Founder’s Letter · PlotProse
Romance Outline Examples — Real Working Outlines
A romance outline isn’t theory. It’s the working plan you write the book against. Here are real examples from the Pre-Made catalog — trope-specific, chapter-by-chapter, the actual structure that becomes a published novel.
Most articles about romance outlines explain the three-act structure for the eight-thousandth time and then send you off to figure out how it actually applies to your enemies-to-lovers mafia romance. This page does the opposite. Here are excerpts from real, complete romance outlines — the kind of structural plan I write before I draft — for three different trope stacks. You’ll see how the same seven-layer template plays out very differently depending on the subgenre.

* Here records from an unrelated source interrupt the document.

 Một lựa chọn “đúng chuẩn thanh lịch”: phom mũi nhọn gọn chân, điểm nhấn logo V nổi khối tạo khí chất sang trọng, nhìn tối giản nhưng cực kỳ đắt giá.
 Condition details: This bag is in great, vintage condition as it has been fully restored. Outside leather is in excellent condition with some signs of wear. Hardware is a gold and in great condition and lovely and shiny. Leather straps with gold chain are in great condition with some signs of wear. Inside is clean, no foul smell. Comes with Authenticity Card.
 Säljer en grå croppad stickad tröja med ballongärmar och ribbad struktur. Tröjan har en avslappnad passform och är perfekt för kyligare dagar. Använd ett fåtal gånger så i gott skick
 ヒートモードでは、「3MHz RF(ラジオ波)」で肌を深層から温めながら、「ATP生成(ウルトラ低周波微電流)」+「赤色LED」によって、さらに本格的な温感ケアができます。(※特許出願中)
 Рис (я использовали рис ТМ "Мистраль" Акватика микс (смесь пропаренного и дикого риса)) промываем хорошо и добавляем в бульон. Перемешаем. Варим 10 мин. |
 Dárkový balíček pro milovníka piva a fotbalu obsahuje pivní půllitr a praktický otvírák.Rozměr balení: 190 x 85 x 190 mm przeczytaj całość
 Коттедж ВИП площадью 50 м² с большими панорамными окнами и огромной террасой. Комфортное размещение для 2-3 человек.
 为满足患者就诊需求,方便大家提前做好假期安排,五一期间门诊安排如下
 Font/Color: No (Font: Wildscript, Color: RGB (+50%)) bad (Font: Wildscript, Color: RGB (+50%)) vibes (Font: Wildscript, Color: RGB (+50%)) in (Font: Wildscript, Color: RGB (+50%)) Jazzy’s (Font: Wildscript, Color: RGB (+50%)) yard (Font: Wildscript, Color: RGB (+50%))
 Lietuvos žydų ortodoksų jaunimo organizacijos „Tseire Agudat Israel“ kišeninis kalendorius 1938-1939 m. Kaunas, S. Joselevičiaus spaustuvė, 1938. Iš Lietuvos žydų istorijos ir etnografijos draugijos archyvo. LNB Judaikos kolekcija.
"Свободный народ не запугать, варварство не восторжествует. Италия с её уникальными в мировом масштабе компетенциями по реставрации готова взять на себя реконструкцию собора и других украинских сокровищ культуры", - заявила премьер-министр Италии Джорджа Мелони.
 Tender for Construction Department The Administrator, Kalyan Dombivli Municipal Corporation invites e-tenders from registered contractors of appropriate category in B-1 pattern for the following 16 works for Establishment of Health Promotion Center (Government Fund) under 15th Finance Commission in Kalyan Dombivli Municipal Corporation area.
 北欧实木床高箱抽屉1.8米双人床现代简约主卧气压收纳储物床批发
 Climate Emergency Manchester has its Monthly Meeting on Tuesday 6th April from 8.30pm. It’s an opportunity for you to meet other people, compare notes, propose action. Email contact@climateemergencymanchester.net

Example 1 — Enemies-to-lovers contemporary romance outline
Act One — chapters 1–6 (heroine POV alternating)
Ch 1. Heroine arrives at the new job. We meet the antagonist coworker (hero) inside three pages.
Ch 2. First clash. Stakes established — whoever gets the promotion buys the other a drink. Reader knows neither will follow through.
Ch 3. Forced proximity event triggered (assigned to the same project). Heroine’s want: career security. Heroine’s need: trust.
Ch 4. Hero POV chapter. We learn his backstory wound — he was burned by a workplace betrayal. He’s not the antagonist she thinks he is.
Ch 5. First moment of connection — she catches him being unexpectedly kind to a junior. She doesn’t know what to do with the data.
Ch 6. First kiss they both regret. Inciting incident locked.
Act Two opens with the forced-proximity escalation, midpoint is the public almost-confession, all-is-lost is the workplace-betrayal misread, climax is the rooftop reckoning.
The chapter beats above run for the full 22-chapter outline; what you’re seeing here is the first six. Each of the 80+ outlines in the Pre-Made catalog has this level of resolution — you sit down to write and you know what happens in chapter eleven before you start.
Example 2 — Dark mafia romance outline (trilogy structure)
Book One arc beats (excerpt)
Inciting incident: heroine witnesses something she shouldn’t and is taken into custody by the hero’s organisation.
Plot point one: the hero claims her as personal protection — the alternative is worse.
Pinch point one: the antagonist family puts a price on her head; hero’s loyalty fractures.
Midpoint: the heroine has the chance to escape and chooses not to. The reader knows she’s in love before she does.
Pinch point two: hero’s old enemy surfaces; she’s used as leverage.
Plot point two / all-is-lost: she’s extracted by the antagonist family. He doesn’t know if she went willingly.
Climax: three-front rescue scene; alliances rearrange.
HEA setup for Book Two: safe but bound to him politically; love, but on his enemy’s map.
Mafia romance trilogies have to do something contemporaries don’t — they have to leave a propulsion thread for the next book without breaking the HEA promise on the current one. The pacing of the all-is-lost into the HEA setup is what trains the reader to buy book two before she finishes book one.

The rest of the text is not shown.